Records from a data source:

-.-.-

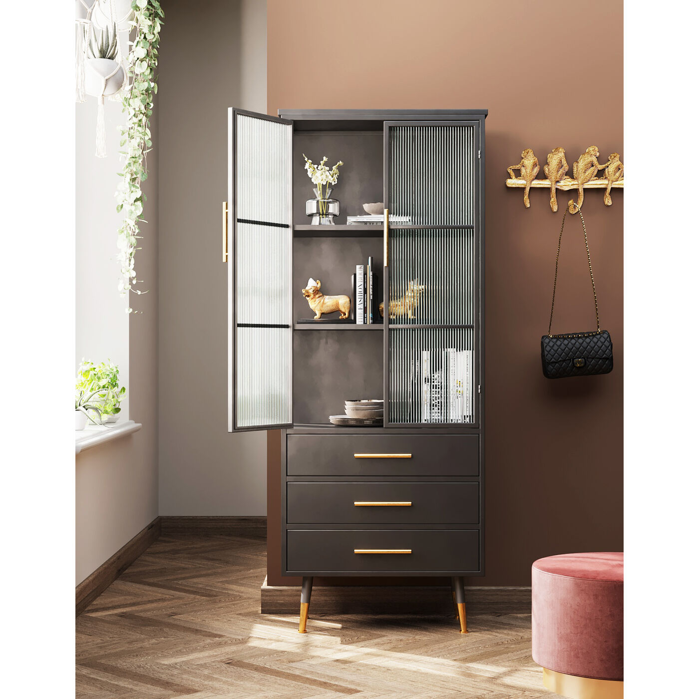 Coated steel and glass - these are the ingredients that define the casual look of this tall cabinet. While the frame of this storage wonder is made of steel and is reminiscent of industrial design, the fronts and sides are made of grooved glass - this gives the cabinet a certain elegance and lightness. The La Gomera series, which includes various cabinets and chests of drawers, is characterised by a mix of steel and glass materials, distinctive lines and slightly flared feet.
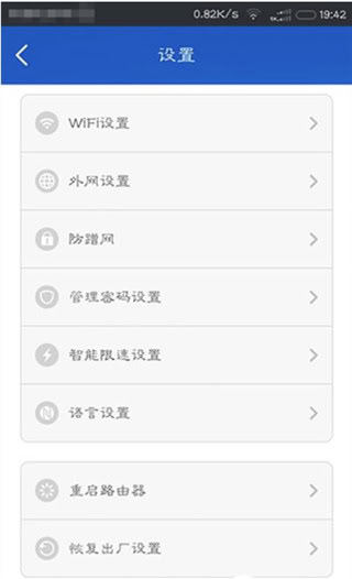 5、高级设置中,第一项可修改无线网密码,第二项可更改外网连接方式,第三项可设置防蹭网机制和勿扰模式,第四项可修改管理密码,第五项可对接入设备进行限速,第六项可更改语言。
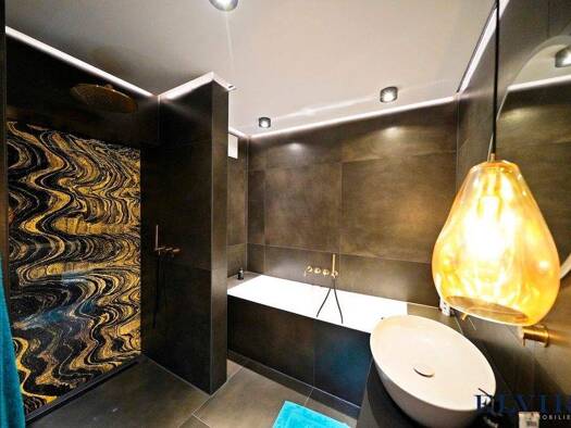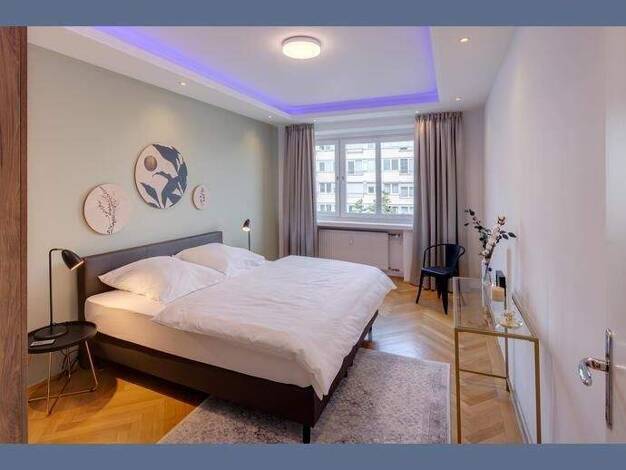 Weitere Informationen, viele hochauflösende Fotos und ein Video zu diesem Objekt finden Sie unter: https://www.mrlodge.de/wohnungen/detailansicht/10866/ See offer in English: https://www.mrlodge.com/search/detailed-view/10866/ * Repräsentatives Eingangsportal und Entrée mit italienischem Naturstein * Designerlampen * Hochwertige Lederdesignmöbel * Großer Balkon im Hinterhof * Zwei 4K Flachbildfernseher * Schallschutzfenster mit Dreifachverglasung Zimmer: Wohn- / Esszimmer mit Ledersitzgruppe, S...
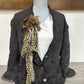 Fringe Poof w/ Brown Pink Floral & Animal Print Tie
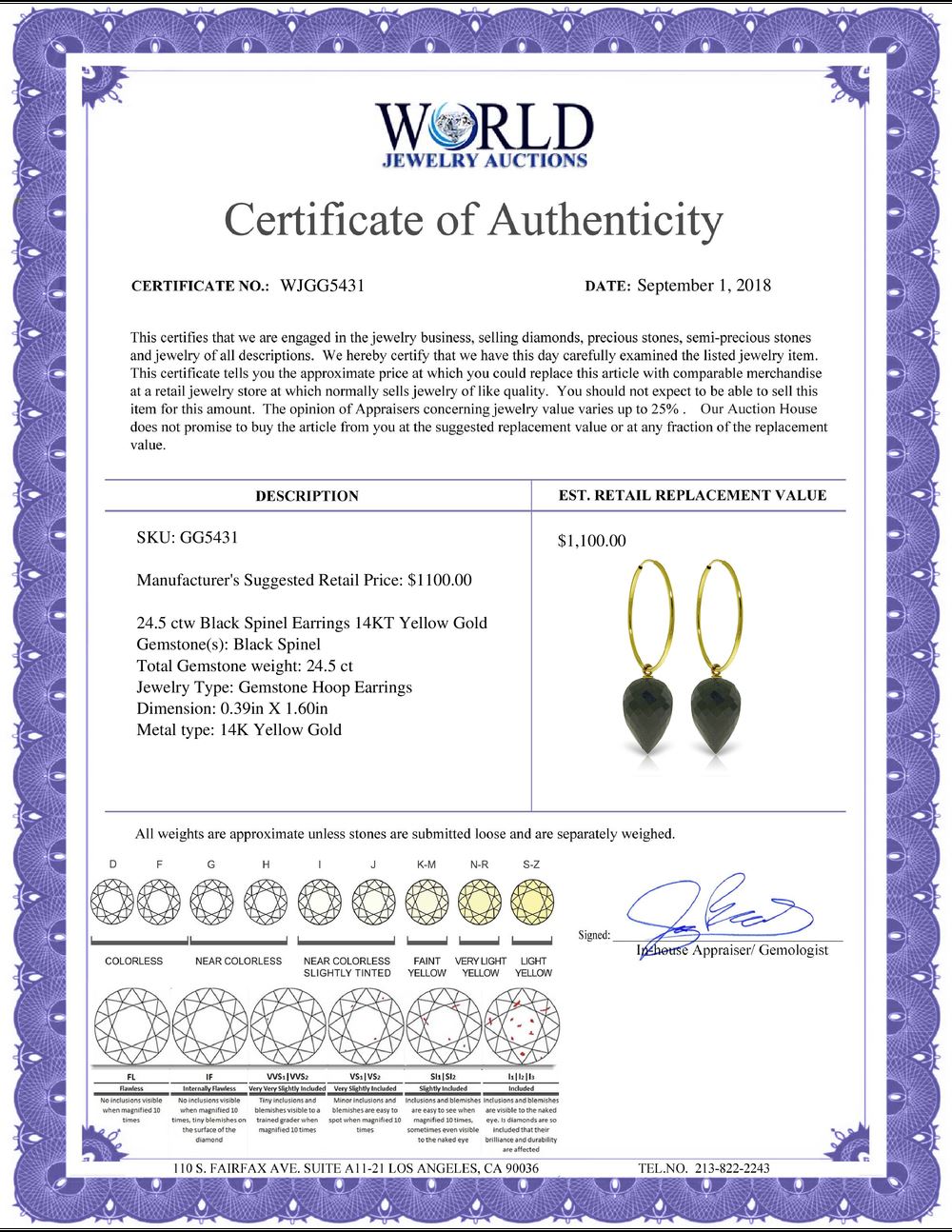Genuine 14K Yellow Gold 24.5 ctw Black Spinel Earrings
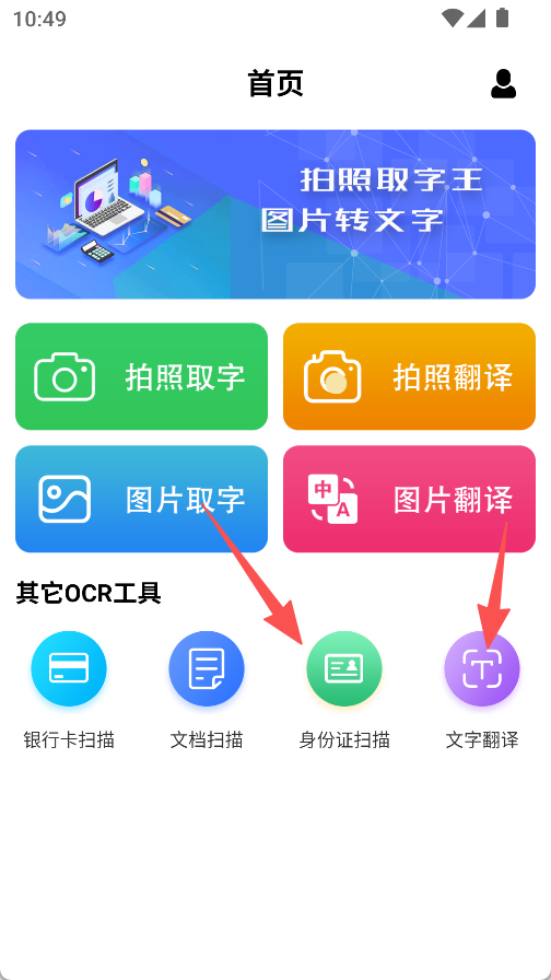 1、操作简便易上手,拍照取字、翻译及各类扫描工具,点击即可启动,能快速开展文字处理操作。

-.-.-

**TASK TO CARRY OUT:**
Set down all of the entries exactly as they stand, without any image.

**FINAL ANSWER:**
 Coated steel and glass - these are the ingredients that define the casual look of this tall cabinet. While the frame of this storage wonder is made of steel and is reminiscent of industrial design, the fronts and sides are made of grooved glass - this gives the cabinet a certain elegance and lightness. The La Gomera series, which includes various cabinets and chests of drawers, is characterised by a mix of steel and glass materials, distinctive lines and slightly flared feet.
 5、高级设置中,第一项可修改无线网密码,第二项可更改外网连接方式,第三项可设置防蹭网机制和勿扰模式,第四项可修改管理密码,第五项可对接入设备进行限速,第六项可更改语言。
 Weitere Informationen, viele hochauflösende Fotos und ein Video zu diesem Objekt finden Sie unter: https://www.mrlodge.de/wohnungen/detailansicht/10866/ See offer in English: https://www.mrlodge.com/search/detailed-view/10866/ * Repräsentatives Eingangsportal und Entrée mit italienischem Naturstein * Designerlampen * Hochwertige Lederdesignmöbel * Großer Balkon im Hinterhof * Zwei 4K Flachbildfernseher * Schallschutzfenster mit Dreifachverglasung Zimmer: Wohn- / Esszimmer mit Ledersitzgruppe, S...
 Fringe Poof w/ Brown Pink Floral & Animal Print Tie
Genuine 14K Yellow Gold 24.5 ctw Black Spinel Earrings
 1、操作简便易上手,拍照取字、翻译及各类扫描工具,点击即可启动,能快速开展文字处理操作。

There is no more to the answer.